As an aside, even though a 16-MHz clock, 2 KB of RAM, and 32 KB of flash memory may not strike you as being overwhelming, I’ve happily used a bunch of Uno R3s to drive a wide variety of projects over the years, such as my Awesome Audio-Reactive Artifact, for example (where the “Awesome” is part of its official moniker).
Awesome Audio-Reactive Artifact
In this case, I started with a small travel suitcase that appears to be an expensive antique crafted out of wood and leather, but that’s really a cheap-and-cheerful imitation intended only for home décor. Next, I took a bunch of broken and discarded vacuum tubes, and I used epoxy to attach these to a thin plywood panel in which I’d drilled holes and painted black.
Next, I attached tricolor light-emitting diodes (LEDs) to the bottoms of the vacuum tubes. These were NeoPixels from Adafruit, which means they can be daisy-chained together. In turn, this means they can all be driven using a single pin on the MCU.
I also mounted a small microphone on the front of the case and used this to feed an 8-pin MSGEQ7 spectrum analyzer device. You can acquire these little scamps as standalone components from SparkFun, or you can purchase pre-constructed breakout boards from SparkFun or on eBay.
The Arduino constantly loops around reading the audio samples and driving the LEDs. When anyone is talking or music is playing, different tubes flicker with different colors to reflect the various frequency components of the sound source. Suffice it to say that this is a real eye-catcher that always attracts attention and positive comments, especially for those of us who were obliged to suffer the minimalistic sound-to-light effects available in the 1970s.
The point of these meandering musings is that my Awesome Audio-Reactive Artifact is powered by an Arduino Uno R3 with lots of “headroom” to spare. However, having said this, I do have projects that require more “oomph” on the processing front. This is why I was so excited when, just a couple of weeks ago as I pen these words, the guys and gals at Arduino released two new versions of the Arduino Uno in the form of the R4 Minima and the R4 WiFi (the folks at Arduino assure me that they have no plans to discontinue the R3 for which they foresee strong continued demand). One very important point is that the R4s provide the same 5 V signals as the R3, thereby allowing us to reuse our existing collection of shields (phew!).

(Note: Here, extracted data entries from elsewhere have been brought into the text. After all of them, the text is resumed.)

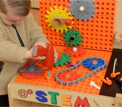 De set met gekleurde tandwielen en wieltjes maakt de constructie van complexe mechanismen mogelijk. Spelen met Masterkidz STEM-schroeven verbetert de motoriek, het logisch denken en de creativiteit van kinderen.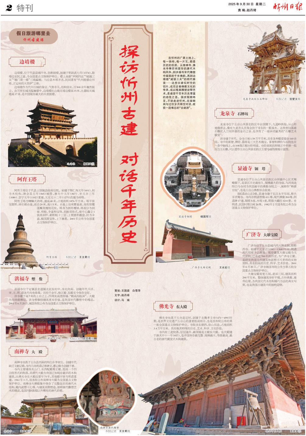 在忻州的廣袤土地上,每一塊磚、每一片瓦,都是歷史的低語(yǔ)。從南禪寺、佛光寺榫卯間留存的唐代木構(gòu)風(fēng)華,到洪福寺宋代雕塑中凝固的千年佛韻,再到邊靖樓“威鎮(zhèn)三關(guān)”的明代雄姿……這些古建似時(shí)空的切片,或見證著佛教文化的傳承,或以精美雕塑詮釋藝術(shù),是感受千百年歷史厚重的絕佳之選。國(guó)慶假期將至,不妨走進(jìn)忻州,在凝眸間與過往歲月隔空對(duì)話,收獲一段難忘的“古建游”。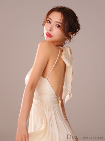 XS~Lあり!背中のカットデザインで肌見せ★ 【DEA.by ROBE de FLEURS/ディア】ホルターネック サテン リボン エレガント バストカット Aラインロングドレス (DE3366)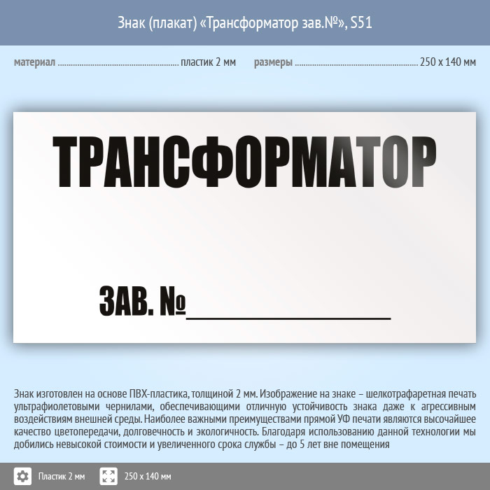 Знак (плакат) «Трансформатор зав.№», S51 (пластик, 250х140 мм) в Ставрополе купить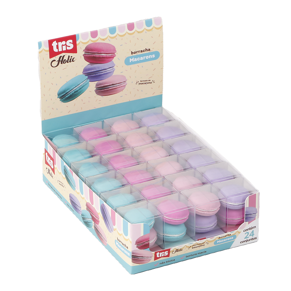 A coleção Docinho traz para as papelarias produtos inspirados nas delíci as do universo da confeitaria! Donuts, balinhas, sorvetes e muito mais! É pura fofura! A borracha macaron é igual ao docinho! Com cheirinho de baunilha e cores pastel, é uma doçura! Vem em estojo de acetato com duas borrachas cada! Textura macia! *produto não comestível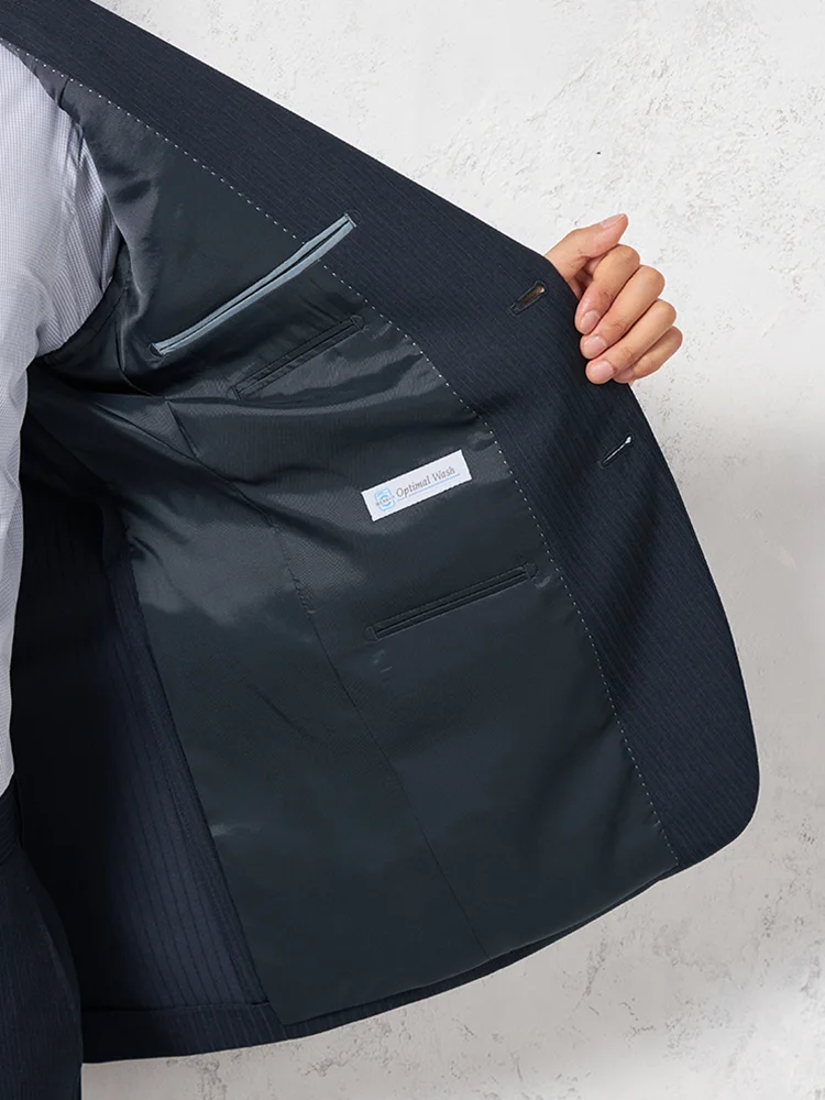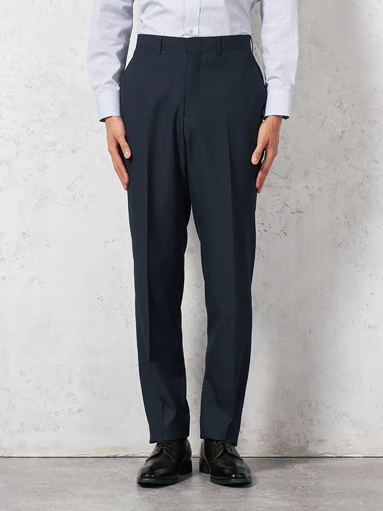 丈夫でしわになりにくいポリエステル100%素材を使用したツーパンツスーツ。

Both R4s are powered by a RA4M1 MCU from Renesas. This little rascal is based on a 32-bit Arm Cortex-M4F core (the ‘F’ means it includes a hardware floating-point unit, which is sadly lacking in the R3). This is, of course, 4X the width of the R3’s 8-bit data bus. The R4’s clock runs at 48 MHz (3X the R3), it’s equipped with 32 KB of SRAM (16X the R3), and it boasts 256 KB of flash memory (8X the R3). The R4 WiFi also boasts an Espressif ESP32-S3 module for WiFi and Bluetooth Low Energy connectivity, but that’s a story for another day.
The Arduino Uno R3 (left) and R4 Minima (right)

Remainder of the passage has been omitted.